#### [What needs to be done]
Copy out the whole listing exactly as given. Skip the pictures.

#### [Data for this exercise]
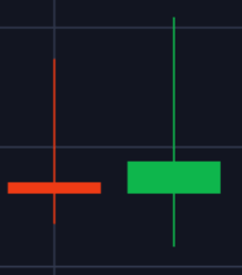 The body of the chart is green if the currency pair ends the period with a more excellent value than it did at the beginning of the period. The peak for the period is represented by the top of the wick and the low by the bottom. The two long wicks show the lack of a clear trend, suggesting that prices closed away from the period’s extremes.
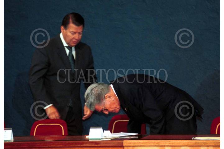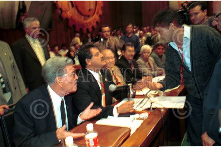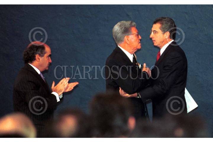 Leonardo Rodriguez Alcaine, líder de la CTM saluda al presidente Zedillo, durante la inauguracion del Congreso Nacional del Sindicato Unico de Trabajadores Electricistas de la Republica Mexicana, esta mañana en la Residencia Oficial de Los Pinos. FOTO: Christian Palma/CUARTOSCURO.COM
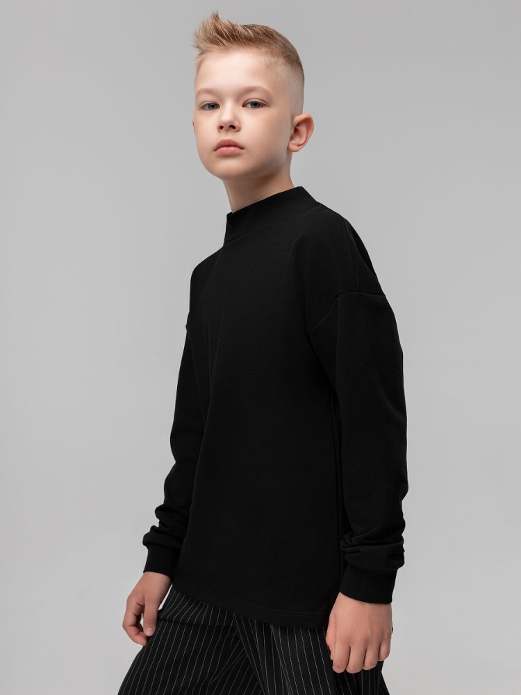 Материал футер двухнитка Состав 92% хлопок 8% лайкра Свитшот с удлиненной спинкой и разрезами по бокам. Длинный рукав на манжетах, воротник стойка.
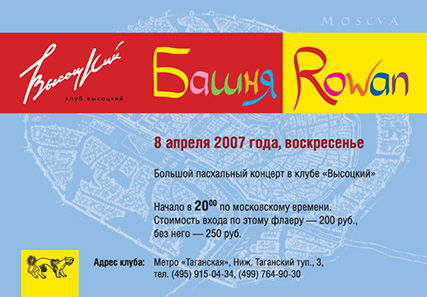 А вот и про нас  В славном городе Москве в Светлое Христово Воскресенье 8 апреля мы будем играть большой концерт. По этому поводу уже заранее красим яйца, шьем парадные камзолы, репетируем, меняем шила на мыла, аранжировки на оранжереи и наоборот, вообще в оживленном возбуждении. Блин, просто не то перед боем, не то перед балом, лучше не путать. Сделаем на сейшен несколько песен, каких в Москве еще не играли, а одну так и вообще никогда и нигде. На самом деле, это будет довольно занятно. Чисто по личным раскладам. Каково это - играть, когда тебя по жизни радует настолько, что удержу нет. А после Всенощной особенно крепко возносит, это уже проверено, только концерты еще ни разу так не выпадали. Вот, выпало, ура Ему. Если честно, будоражит немного, потому что реально же получается марафон. Через Страстную неделю - к самому лучшему дню. Раньше после выстаивания просто падала. Но... Тонко намекаю: айда к нам, праздник же! А уж мы постараемся. Ради праздника-то ) Рекламу распространять как можно шире, приходите все и чтоб никто не ушел, на флаере специально текст для караоке, обещаем яичной скорлупой не швыряццо, ну не слишком швыряццо. Не стесняемся, непринужденно веселимся, пьем пиво (МОЖНО!!!) и разгавливаемся (или разговливаемся?). И целуемся! И следите, добрые люди, чтоб никто с концерта не ушел обиженным и непоцелованным. Но теперь мы уже немножко другие, теперь уже выдюжим, надеюсь. Потому что так пошла эволюция. А еще - ссылка на пост с записями концерта в "Манхэттене", там тоже всякое было. http://community.livejournal.com/rowan_tower/113615.htmlЭто я к тому, что "Башня" теперь такая. И дальше будет только такее. ... ( Развернуть весь текст ) |
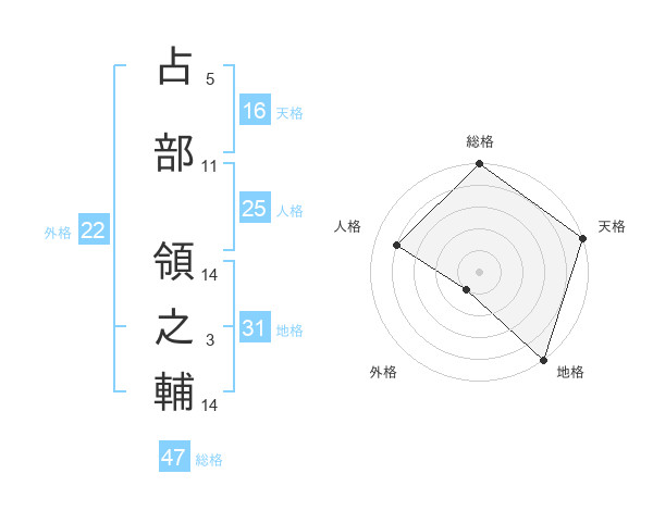 占部 領之輔さんの総格は47画の5点!
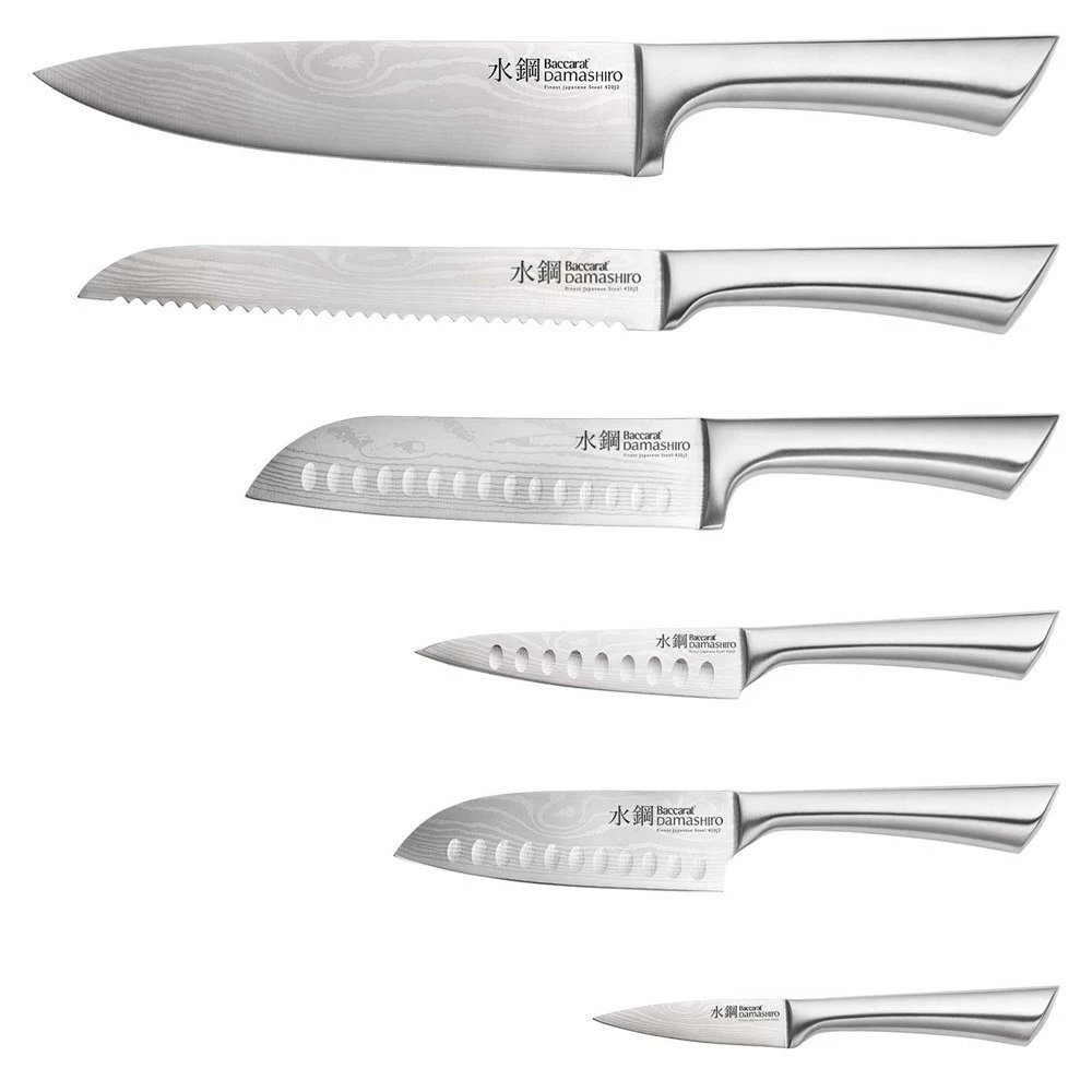 - The Baccarat® Damashiro® 7 Piece Kin Knife Block contains: 1 x 20cm/8″ Chefs knife, 1 x 20cm/8″ Bread knife, 1 x 17cm/6.5″ Santoku knife, 1 x 12.5cm/5″ Santoku knife, 1 x 12cm/4.5″ Utility knife, 1 x 9cm/3.5″ Paring knife
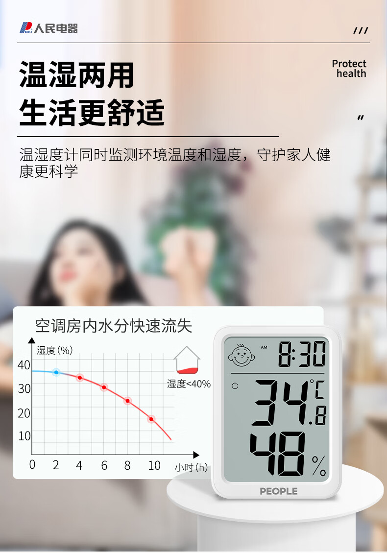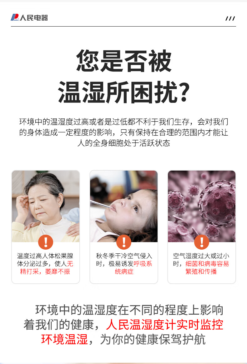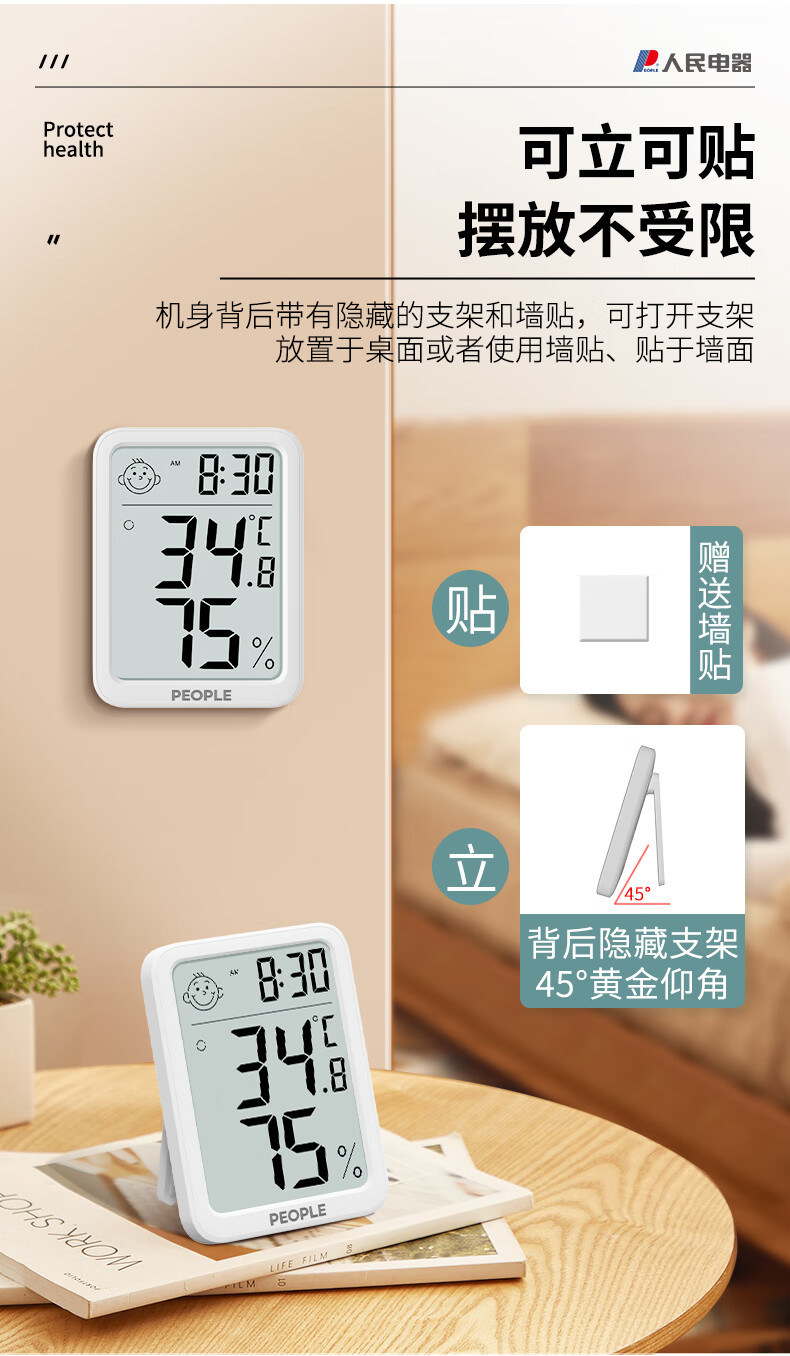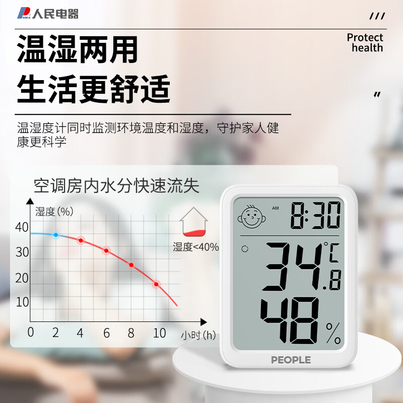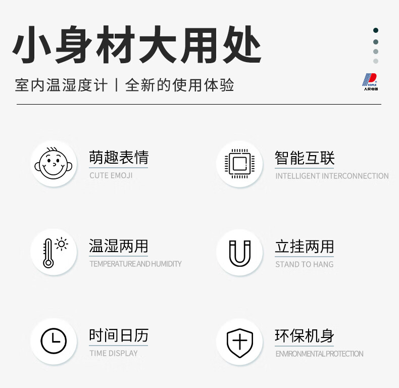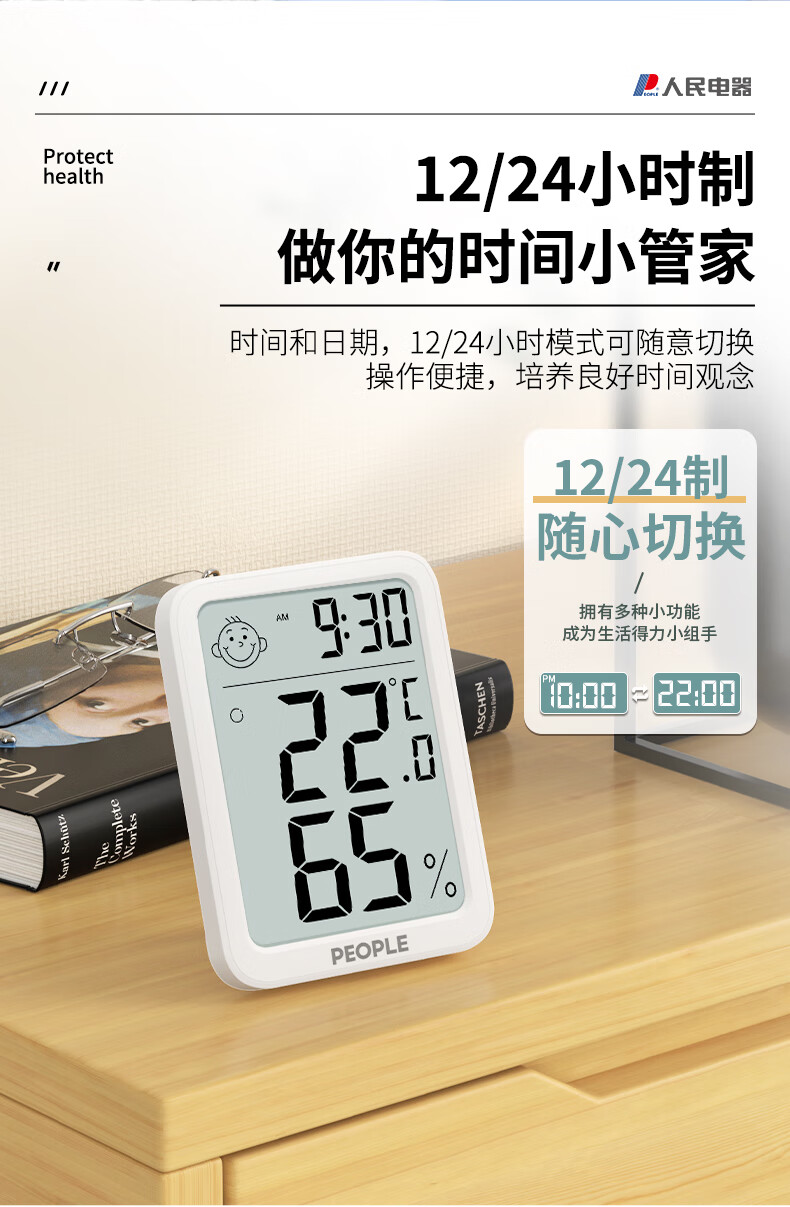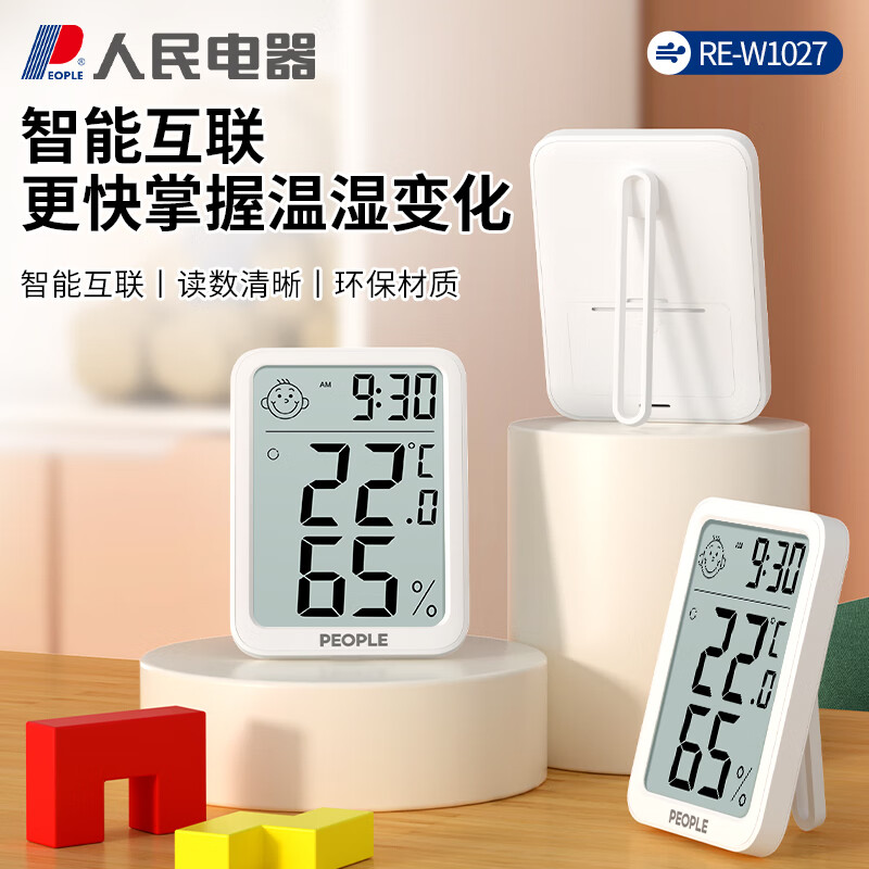 生活日用  > 日用杂货  > 温湿度计  >  人民电器  >  人民家用室内温湿度计办公室温婴儿房高精度智能检测温度计 RE-W1027 RE-W1027/个
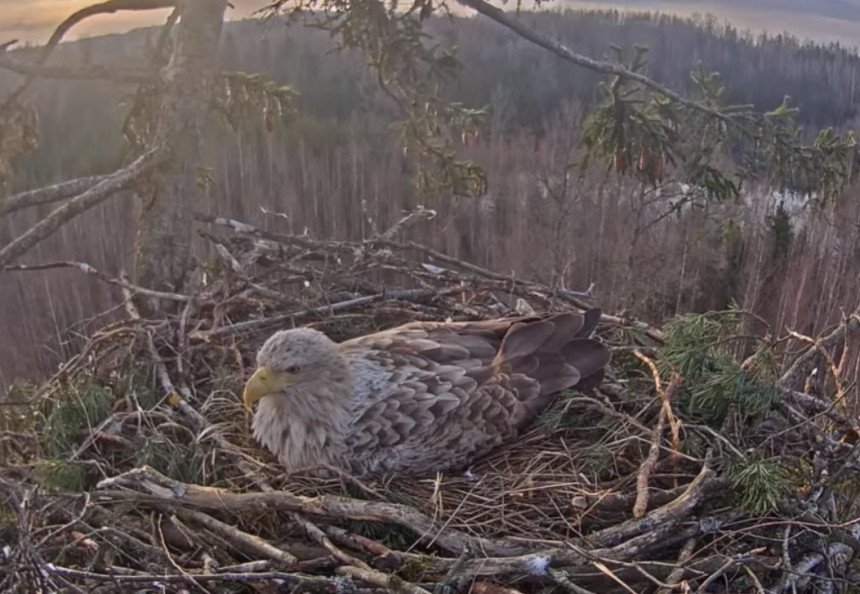Vakar pēcpusdienā ērgļu pāris laiku pa laikam pameta ligzdu uz vairākām minūtēm, atstājot olu vienu. H kungs aktīvi pienes sausās zāles un niedru kumšķus, ar ko tiek izklāta ligzdas pamatne un apsegtas olas.
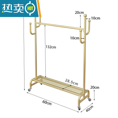 敬平移动衣帽架室内挂衣服架服装店挂衣杆家用简约省空间晾衣架带轮子 纳米金长60高172配2.0轮子晾衣杆
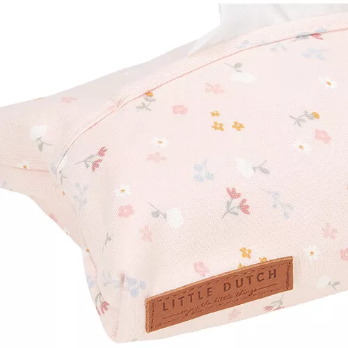 Een katoenen hoes ‘Little Pink Flowers’ van het Nederlandse merk Little Dutch speciaal voor het opbergen van natte babydoekjes. Met deze praktische babydoekjeshoes met romantisch bloemenpatroon is de plastic verpakking uit het zicht.

#### [Reply]
 The body of the chart is green if the currency pair ends the period with a more excellent value than it did at the beginning of the period. The peak for the period is represented by the top of the wick and the low by the bottom. The two long wicks show the lack of a clear trend, suggesting that prices closed away from the period’s extremes.
 Leonardo Rodriguez Alcaine, líder de la CTM saluda al presidente Zedillo, durante la inauguracion del Congreso Nacional del Sindicato Unico de Trabajadores Electricistas de la Republica Mexicana, esta mañana en la Residencia Oficial de Los Pinos. FOTO: Christian Palma/CUARTOSCURO.COM
 Материал футер двухнитка Состав 92% хлопок 8% лайкра Свитшот с удлиненной спинкой и разрезами по бокам. Длинный рукав на манжетах, воротник стойка.
 А вот и про нас  В славном городе Москве в Светлое Христово Воскресенье 8 апреля мы будем играть большой концерт. По этому поводу уже заранее красим яйца, шьем парадные камзолы, репетируем, меняем шила на мыла, аранжировки на оранжереи и наоборот, вообще в оживленном возбуждении. Блин, просто не то перед боем, не то перед балом, лучше не путать. Сделаем на сейшен несколько песен, каких в Москве еще не играли, а одну так и вообще никогда и нигде. На самом деле, это будет довольно занятно. Чисто по личным раскладам. Каково это - играть, когда тебя по жизни радует настолько, что удержу нет. А после Всенощной особенно крепко возносит, это уже проверено, только концерты еще ни разу так не выпадали. Вот, выпало, ура Ему. Если честно, будоражит немного, потому что реально же получается марафон. Через Страстную неделю - к самому лучшему дню. Раньше после выстаивания просто падала. Но... Тонко намекаю: айда к нам, праздник же! А уж мы постараемся. Ради праздника-то ) Рекламу распространять как можно шире, приходите все и чтоб никто не ушел, на флаере специально текст для караоке, обещаем яичной скорлупой не швыряццо, ну не слишком швыряццо. Не стесняемся, непринужденно веселимся, пьем пиво (МОЖНО!!!) и разгавливаемся (или разговливаемся?). И целуемся! И следите, добрые люди, чтоб никто с концерта не ушел обиженным и непоцелованным. Но теперь мы уже немножко другие, теперь уже выдюжим, надеюсь. Потому что так пошла эволюция. А еще - ссылка на пост с записями концерта в "Манхэттене", там тоже всякое было. http://community.livejournal.com/rowan_tower/113615.htmlЭто я к тому, что "Башня" теперь такая. И дальше будет только такее. ... ( Развернуть весь текст ) |
 占部 領之輔さんの総格は47画の5点!
 - The Baccarat® Damashiro® 7 Piece Kin Knife Block contains: 1 x 20cm/8″ Chefs knife, 1 x 20cm/8″ Bread knife, 1 x 17cm/6.5″ Santoku knife, 1 x 12.5cm/5″ Santoku knife, 1 x 12cm/4.5″ Utility knife, 1 x 9cm/3.5″ Paring knife
 生活日用  > 日用杂货  > 温湿度计  >  人民电器  >  人民家用室内温湿度计办公室温婴儿房高精度智能检测温度计 RE-W1027 RE-W1027/个
Vakar pēcpusdienā ērgļu pāris laiku pa laikam pameta ligzdu uz vairākām minūtēm, atstājot olu vienu. H kungs aktīvi pienes sausās zāles un niedru kumšķus, ar ko tiek izklāta ligzdas pamatne un apsegtas olas.
 敬平移动衣帽架室内挂衣服架服装店挂衣杆家用简约省空间晾衣架带轮子 纳米金长60高172配2.0轮子晾衣杆
 Een katoenen hoes ‘Little Pink Flowers’ van het Nederlandse merk Little Dutch speciaal voor het opbergen van natte babydoekjes. Met deze praktische babydoekjeshoes met romantisch bloemenpatroon is de plastic verpakking uit het zicht.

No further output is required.